Your task.
In your output, repeat each entry exactly and include no pictures.

─── Source information ───

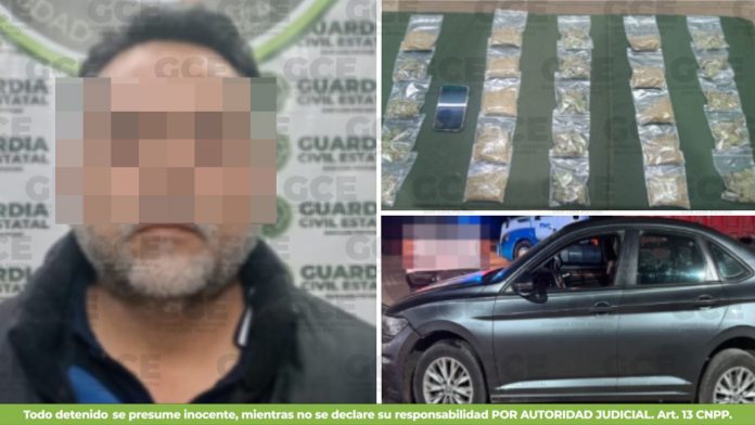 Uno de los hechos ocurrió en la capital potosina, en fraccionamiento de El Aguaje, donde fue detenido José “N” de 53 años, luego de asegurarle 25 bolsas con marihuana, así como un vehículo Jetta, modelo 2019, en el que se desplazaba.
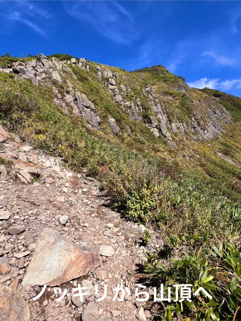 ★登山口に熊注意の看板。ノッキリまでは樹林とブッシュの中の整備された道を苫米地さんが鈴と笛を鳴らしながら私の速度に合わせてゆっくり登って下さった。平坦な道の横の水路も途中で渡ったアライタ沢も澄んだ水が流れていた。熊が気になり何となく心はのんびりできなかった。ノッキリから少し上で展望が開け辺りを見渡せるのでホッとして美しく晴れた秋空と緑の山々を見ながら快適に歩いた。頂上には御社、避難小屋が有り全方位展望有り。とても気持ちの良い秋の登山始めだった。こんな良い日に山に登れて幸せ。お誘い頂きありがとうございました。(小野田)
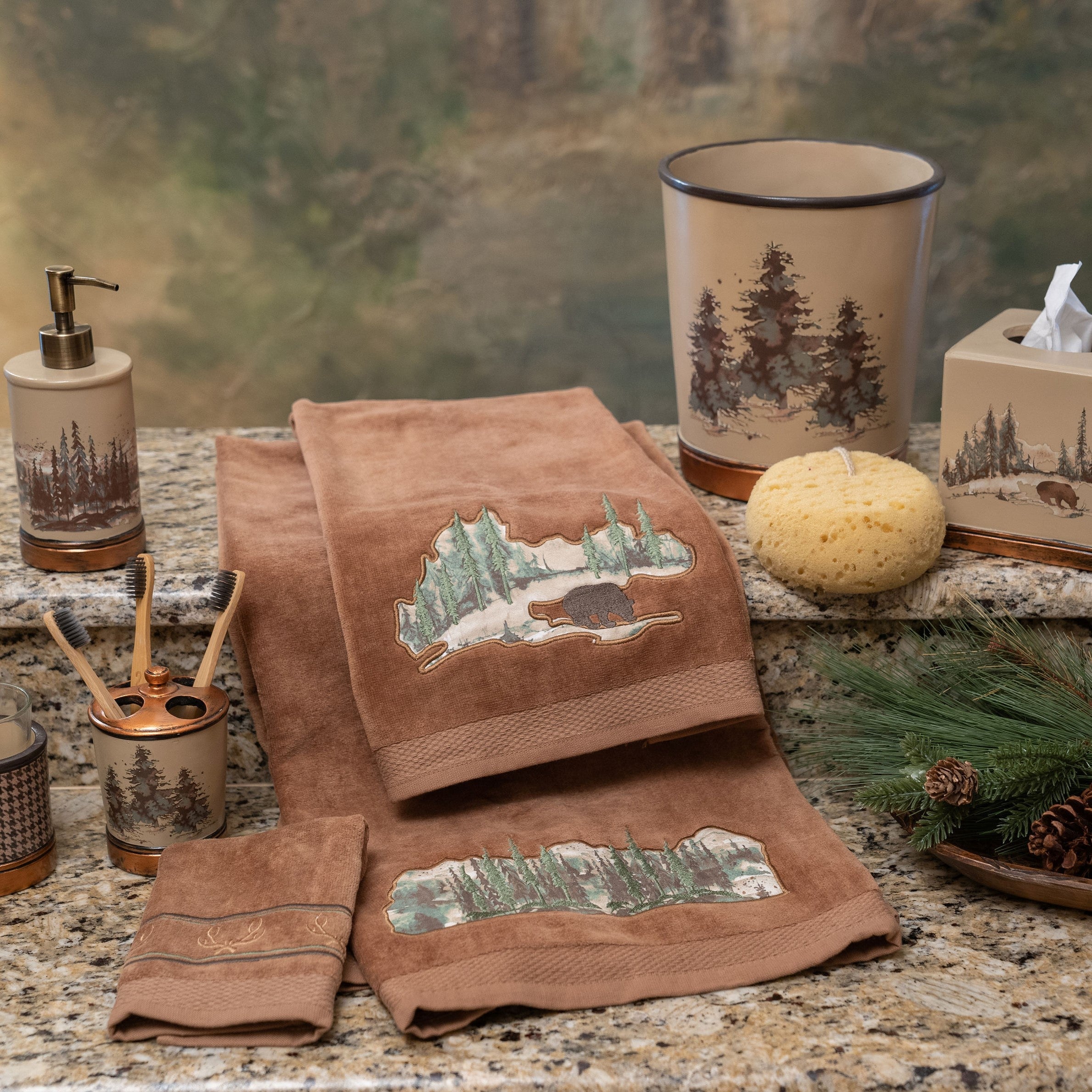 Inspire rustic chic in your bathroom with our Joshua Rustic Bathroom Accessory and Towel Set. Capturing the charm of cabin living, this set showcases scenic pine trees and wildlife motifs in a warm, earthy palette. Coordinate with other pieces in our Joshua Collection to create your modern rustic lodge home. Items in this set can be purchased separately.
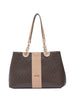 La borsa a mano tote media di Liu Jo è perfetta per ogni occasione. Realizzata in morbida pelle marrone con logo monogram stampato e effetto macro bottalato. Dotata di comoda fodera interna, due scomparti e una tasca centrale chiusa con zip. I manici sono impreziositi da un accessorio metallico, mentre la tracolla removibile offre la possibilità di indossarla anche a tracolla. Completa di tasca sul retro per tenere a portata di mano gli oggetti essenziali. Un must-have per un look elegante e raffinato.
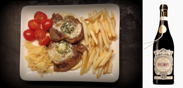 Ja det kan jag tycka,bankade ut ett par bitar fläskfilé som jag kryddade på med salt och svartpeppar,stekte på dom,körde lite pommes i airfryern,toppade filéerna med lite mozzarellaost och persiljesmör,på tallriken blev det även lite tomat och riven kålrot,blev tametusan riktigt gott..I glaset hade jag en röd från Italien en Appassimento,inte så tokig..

───

Exercise answer.
 Uno de los hechos ocurrió en la capital potosina, en fraccionamiento de El Aguaje, donde fue detenido José “N” de 53 años, luego de asegurarle 25 bolsas con marihuana, así como un vehículo Jetta, modelo 2019, en el que se desplazaba.
 ★登山口に熊注意の看板。ノッキリまでは樹林とブッシュの中の整備された道を苫米地さんが鈴と笛を鳴らしながら私の速度に合わせてゆっくり登って下さった。平坦な道の横の水路も途中で渡ったアライタ沢も澄んだ水が流れていた。熊が気になり何となく心はのんびりできなかった。ノッキリから少し上で展望が開け辺りを見渡せるのでホッとして美しく晴れた秋空と緑の山々を見ながら快適に歩いた。頂上には御社、避難小屋が有り全方位展望有り。とても気持ちの良い秋の登山始めだった。こんな良い日に山に登れて幸せ。お誘い頂きありがとうございました。(小野田)
 Inspire rustic chic in your bathroom with our Joshua Rustic Bathroom Accessory and Towel Set. Capturing the charm of cabin living, this set showcases scenic pine trees and wildlife motifs in a warm, earthy palette. Coordinate with other pieces in our Joshua Collection to create your modern rustic lodge home. Items in this set can be purchased separately.
 La borsa a mano tote media di Liu Jo è perfetta per ogni occasione. Realizzata in morbida pelle marrone con logo monogram stampato e effetto macro bottalato. Dotata di comoda fodera interna, due scomparti e una tasca centrale chiusa con zip. I manici sono impreziositi da un accessorio metallico, mentre la tracolla removibile offre la possibilità di indossarla anche a tracolla. Completa di tasca sul retro per tenere a portata di mano gli oggetti essenziali. Un must-have per un look elegante e raffinato.
 Ja det kan jag tycka,bankade ut ett par bitar fläskfilé som jag kryddade på med salt och svartpeppar,stekte på dom,körde lite pommes i airfryern,toppade filéerna med lite mozzarellaost och persiljesmör,på tallriken blev det även lite tomat och riven kålrot,blev tametusan riktigt gott..I glaset hade jag en röd från Italien en Appassimento,inte så tokig..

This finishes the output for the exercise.